What you are asked to do
Exactly as written, transcribe the data from its opening line through the line containing "#Taktis-strategis#. Entah darimana". Leave every picture out.

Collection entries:
== Segment start ==

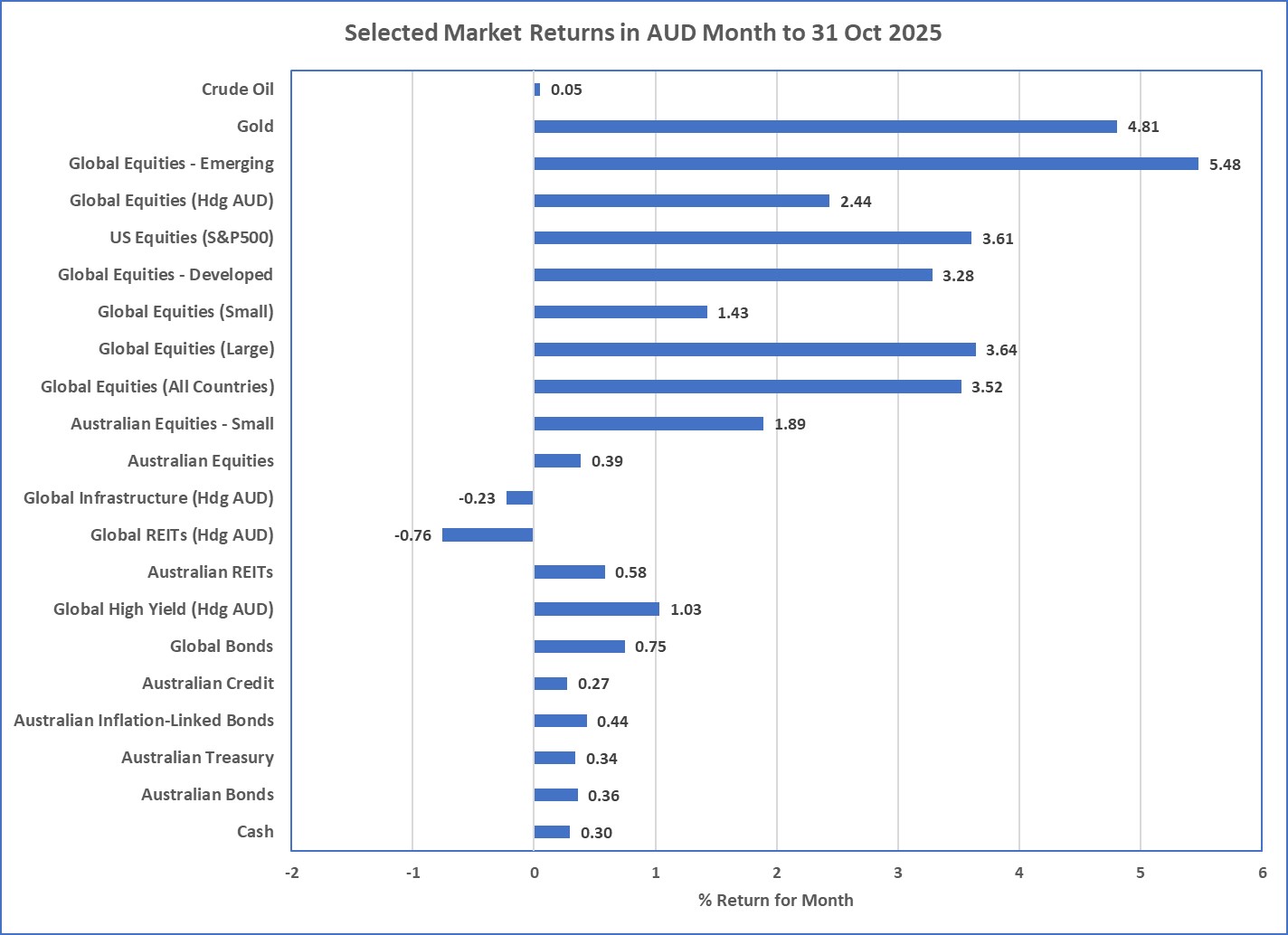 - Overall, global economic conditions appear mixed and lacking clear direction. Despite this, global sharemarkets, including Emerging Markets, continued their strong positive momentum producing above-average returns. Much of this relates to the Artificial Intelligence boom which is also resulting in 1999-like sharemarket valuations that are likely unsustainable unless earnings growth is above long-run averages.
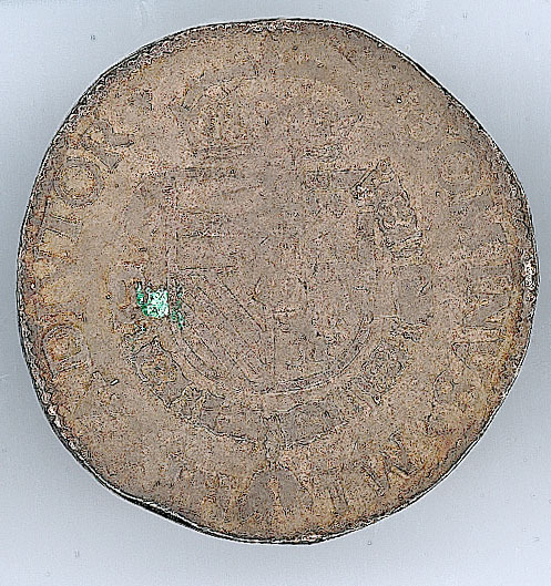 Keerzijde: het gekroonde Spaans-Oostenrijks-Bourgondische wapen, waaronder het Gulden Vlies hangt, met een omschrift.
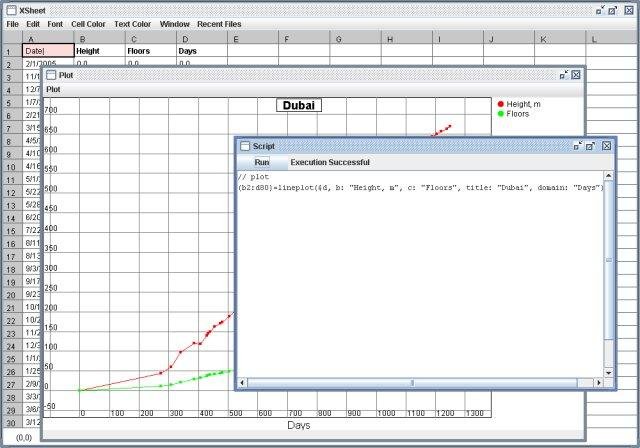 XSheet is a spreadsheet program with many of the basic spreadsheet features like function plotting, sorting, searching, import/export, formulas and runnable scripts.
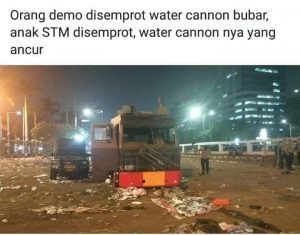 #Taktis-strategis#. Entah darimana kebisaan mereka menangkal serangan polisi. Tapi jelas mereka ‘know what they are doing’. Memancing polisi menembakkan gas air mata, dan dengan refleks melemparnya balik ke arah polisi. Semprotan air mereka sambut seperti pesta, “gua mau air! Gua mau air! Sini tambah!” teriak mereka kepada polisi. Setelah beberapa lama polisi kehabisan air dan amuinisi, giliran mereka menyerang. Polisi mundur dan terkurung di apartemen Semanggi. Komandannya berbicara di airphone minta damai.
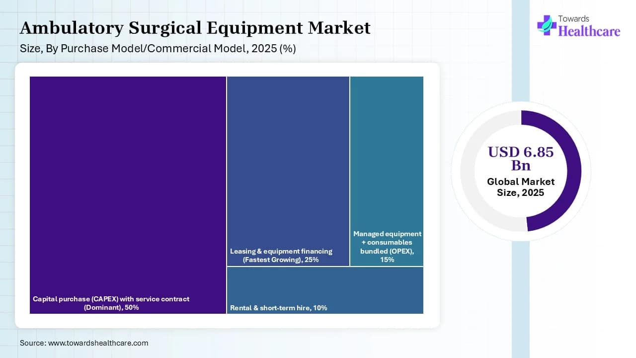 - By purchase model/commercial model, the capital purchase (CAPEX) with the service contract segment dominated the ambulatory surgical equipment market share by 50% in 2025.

== Segment end ==

Exercise response
 - Overall, global economic conditions appear mixed and lacking clear direction. Despite this, global sharemarkets, including Emerging Markets, continued their strong positive momentum producing above-average returns. Much of this relates to the Artificial Intelligence boom which is also resulting in 1999-like sharemarket valuations that are likely unsustainable unless earnings growth is above long-run averages.
 Keerzijde: het gekroonde Spaans-Oostenrijks-Bourgondische wapen, waaronder het Gulden Vlies hangt, met een omschrift.
 XSheet is a spreadsheet program with many of the basic spreadsheet features like function plotting, sorting, searching, import/export, formulas and runnable scripts.
 #Taktis-strategis#. Entah darimana kebisaan mereka menangkal serangan polisi. Tapi jelas mereka ‘know what they are doing’. Memancing polisi menembakkan gas air mata, dan dengan refleks melemparnya balik ke arah polisi. Semprotan air mereka sambut seperti pesta, “gua mau air! Gua mau air! Sini tambah!” teriak mereka kepada polisi. Setelah beberapa lama polisi kehabisan air dan amuinisi, giliran mereka menyerang. Polisi mundur dan terkurung di apartemen Semanggi. Komandannya berbicara di airphone minta damai.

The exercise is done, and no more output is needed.